BUCKET_UPPER_BOUND and BUCKET_LOWER_BOUND can be used with INT and FLOAT input columns. The resulting column is of INT or FLOAT type, respectively.

The operator generates a temporary table which is joined to the input column. Depending on which operator is used (BUCKET_UPPER_BOUND or BUCKET_LOWER_BOUND), the result of the operator is a column of upper or lower bucket boundaries (respectively). The result column contains upper/lower bucket boundaries of the owner buckets (buckets into which input elements are sorted). Additionally, all upper/lower boundaries of all histogram buckets are appended, regardless of whether they are empty or contain input column elements.

Syntax
 BUCKET_UPPER_BOUND ( table.column [, SUGGESTED_WIDTH(suggested_width)] [, SUGGESTED_TICKS[suggested_ticks] ] [, MAX_COUNT(max_count) ] )
 BUCKET_UPPER_BOUND ( table.column [, SUGGESTED_COUNT(suggested_count)] [, SUGGESTED_TICKS[suggested_ticks] ] [, MAX_COUNT(max_count) ] )
 BUCKET_LOWER_BOUND ( table.column [, SUGGESTED_WIDTH(suggested_width)] [, SUGGESTED_TICKS[suggested_ticks] ] [, MAX_COUNT(max_count) ] )
 BUCKET_LOWER_BOUND ( table.column [, SUGGESTED_COUNT(suggested_count)] [, SUGGESTED_TICKS[suggested_ticks] ] [, MAX_COUNT(max_count) ] )

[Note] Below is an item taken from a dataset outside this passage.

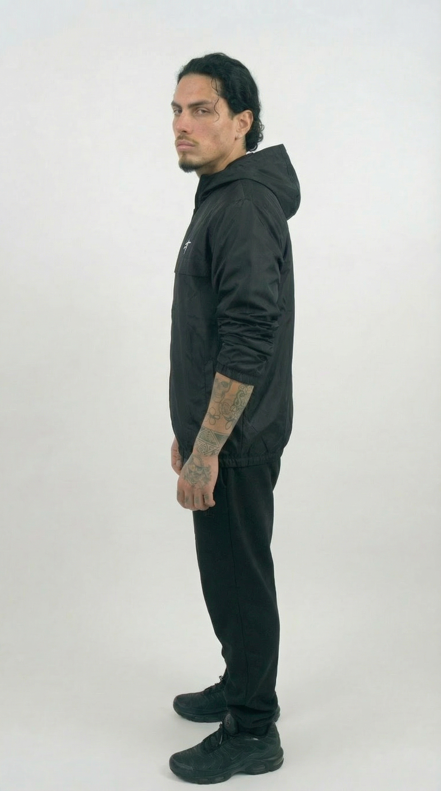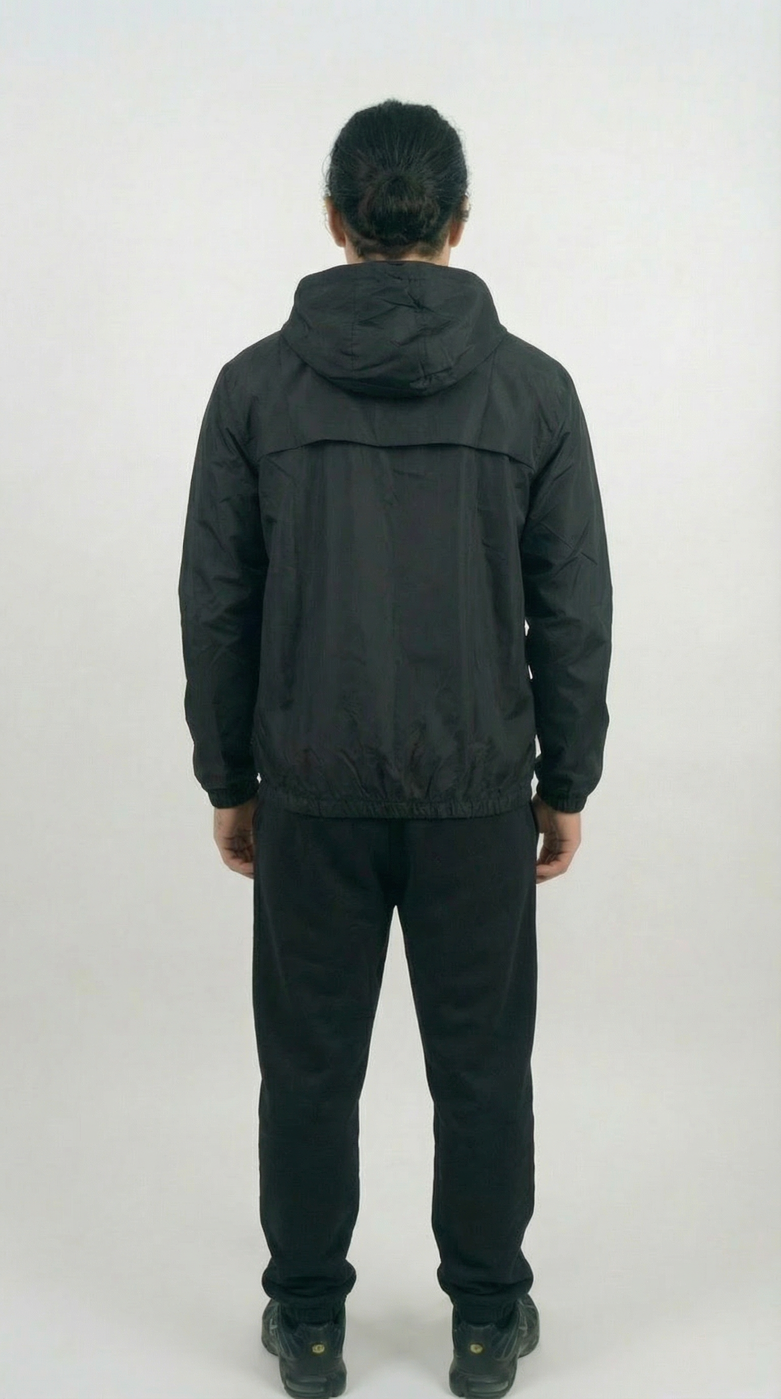 – Schwarzer Windbreaker mit Kapuze

If the query already contains an operator call with an input column and an (optional) histogram configuration, the other operator calls in the same query can be empty:

 BUCKET_UPPER_BOUND ( )
 BUCKET_LOWER_BOUND ( )
  • table.column: The input column that the histogram buckets calculation is based on.

  • suggested_width: Preferred bucket width. This value is taken into consideration when calculating the bucket width. The value of suggested_width defined in the query or a value close to that value is used. The suggested_width must be greater than 0 and cannot be NULL. The type of suggested_width depends on the data type of the input column:

    • INT input column: The suggested_width can be of type INT (example: 4, 5, 6). The suggested_width can also be of type INT represented as FLOAT, (example: 4.0, 5.0, 6.0).

    • FLOAT input column: The suggested_width can be of type FLOAT or INT.

    In case a max_count is configured and suggested_width contradicts its value, suggested_width will be ignored.

  • suggested_count: Preferred bucket count. This value is taken into consideration when calculating the number of buckets in the histogram. The value of suggested_count defined in the query or a bucket count close to the preferred count is chosen. The suggested_count must be of type INT and greater than 0. The value of suggested_count cannot be NULL. In case a max_count is configured and suggested_count contradicts its value, suggested_count will be ignored.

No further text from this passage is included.